Wednesday, January 05, 2005

Rich Comparison is Tricky

People sometimes complain about new Python features as being too tricky; sometimes I think they should look at what's already in Python.

As of version 2.3, the sort algorithm changed to use rich comparisons, specifically the __lt__ form. This unexpectedly broke part of my generic function dispatch system in an obscure corner case involving range tables and classic class instances, when I recently upgraded to using Python 2.3 for new development and testing.

Specifically, the dispatch tables used special "Min" and "Max" objects that were intended to compare less or greater than all other objects, respectively. However, they were implemented using the __cmp__ special method, which only works correctly with the cmp() builtin, or when paired with new-style class instances, when Python is using a rich comparison. (Try saying that three times fast!)

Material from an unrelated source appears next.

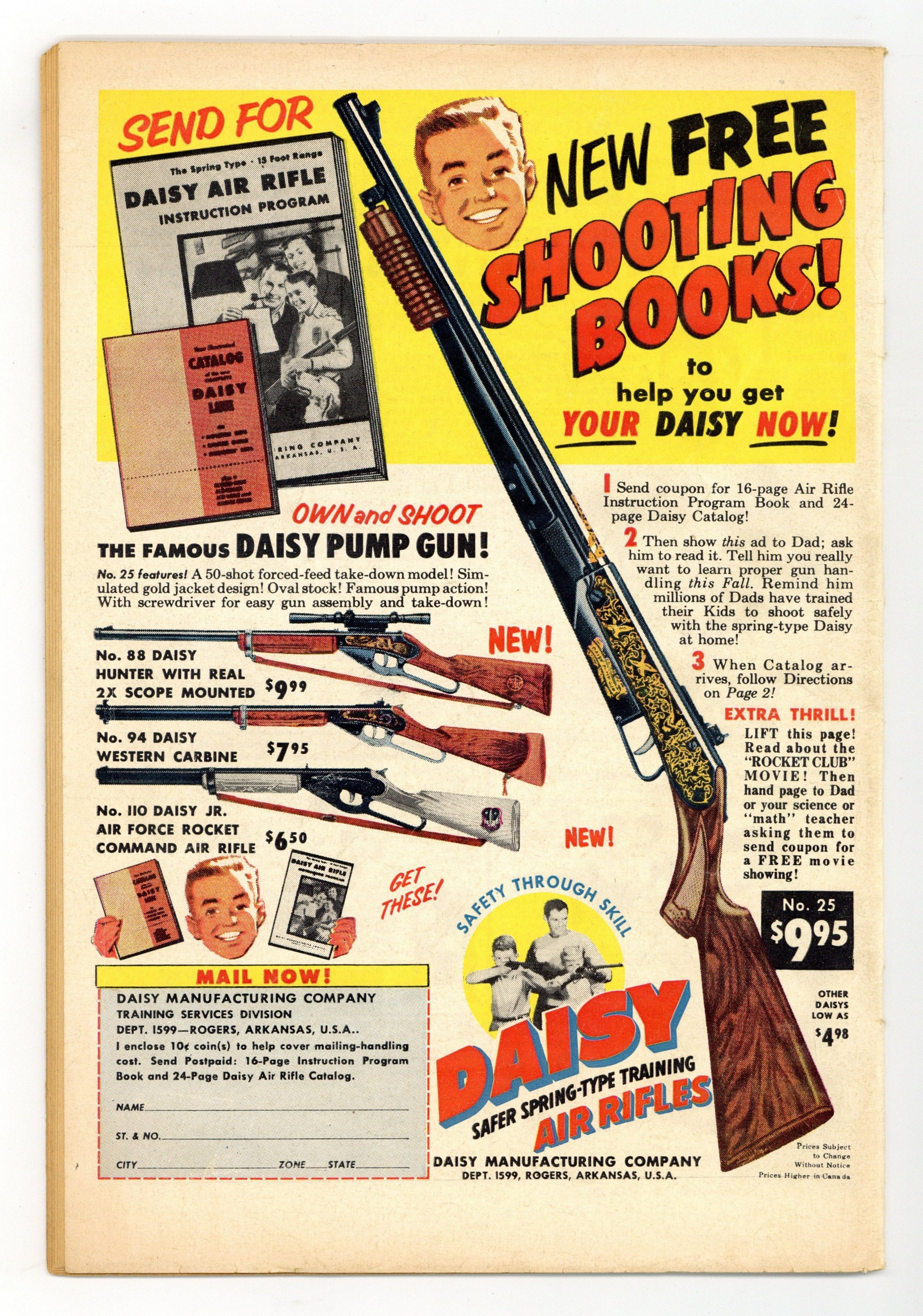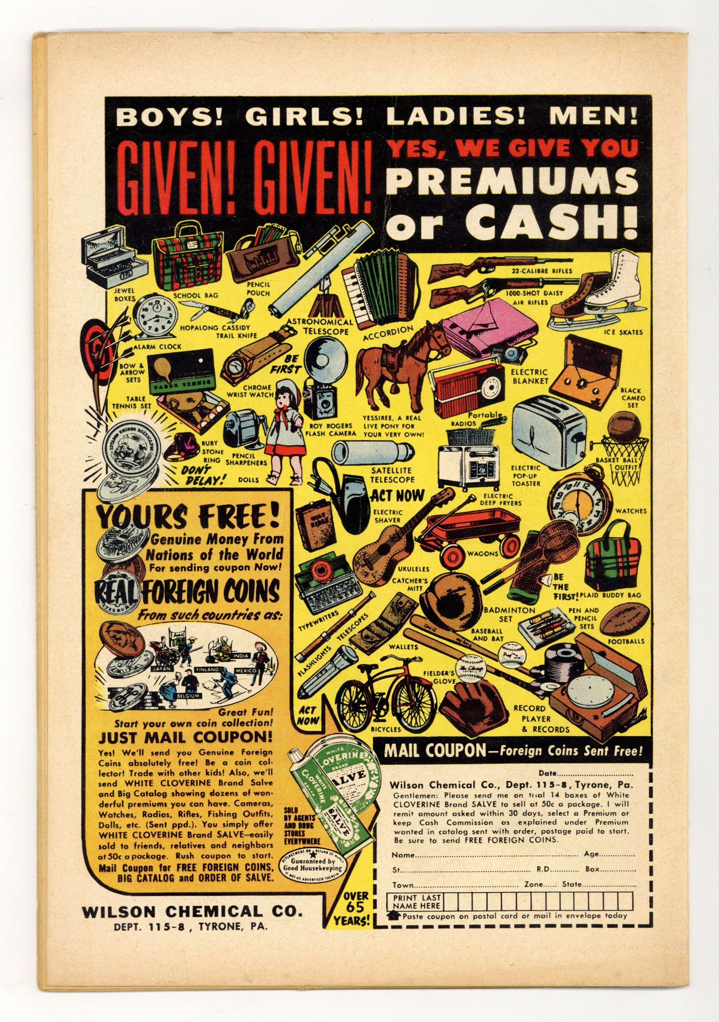 Starts Mar 2 Cover by Sheldon Moldoff. "The Interplanetary Batman," script by Bill Finger, art by Sheldon Moldoff; Batman and Robin spot an alien being in need of help, and by doing so, get captured and transported to a strange planet. The Atom Servant of Man public service announcement, script by Jack Schiff, inks by Tommy Nicolosi. "The Million Dollar Puzzle," script by Bill Finger, pencils by Sheldon Moldoff, inks by Charles Paris; The Caped Crusaders are hot on the trail of some auction items that were stolen, each of which are clues to the location of $1,000,000! One-page Warden Willis story by Henry Boltinoff. "The Batman Baby," script by Bill Finger, pencils by Sheldon Moldoff, inks by Charles Paris; Batman is given a baby to protect from danger and learns the child belongs to the Prince and Princess of Morania; When the baby is kidnapped, Batman follows the kidnapper, saves the Royal family and the child. 36 Pages, Full Color. Cover price $0.10.

I believe earlier versions of the Python builtin sort used the equivalent of cmp(), thus leading to the current breakage when I moved to 2.3. (Although it's possible the problem existed in 2.2, and I just never exercised exactly this particular corner case before. Whatever the situation, it's getting added to my unit tests posthaste.)

Anyway, the point is that getting rich comparisons right can be very, very tricky. The "Min" and "Max" objects were based on code cribbed from PEP 326, which in turn was from code contributed on the Python-Dev mailing list. It looks like to be completely correct, you have to define __lt__, __le__, __gt__, __ge__, __eq__, and __ne__, in order to guarantee that rich comparisons with classic instances turn out correct, at least as of Python 2.3.4. This is a bit of a pain, but I've figured out I can have all these methods delegate back to __cmp__, which will be slow, but correct.

For a while there, the problem was really spooking me; it showed up as "impossible" behavior in a generic function, because the function's internal indexes were shot to hell by the incorrect comparisons.

Decorators are actually pretty simple, when "compared" to this. :)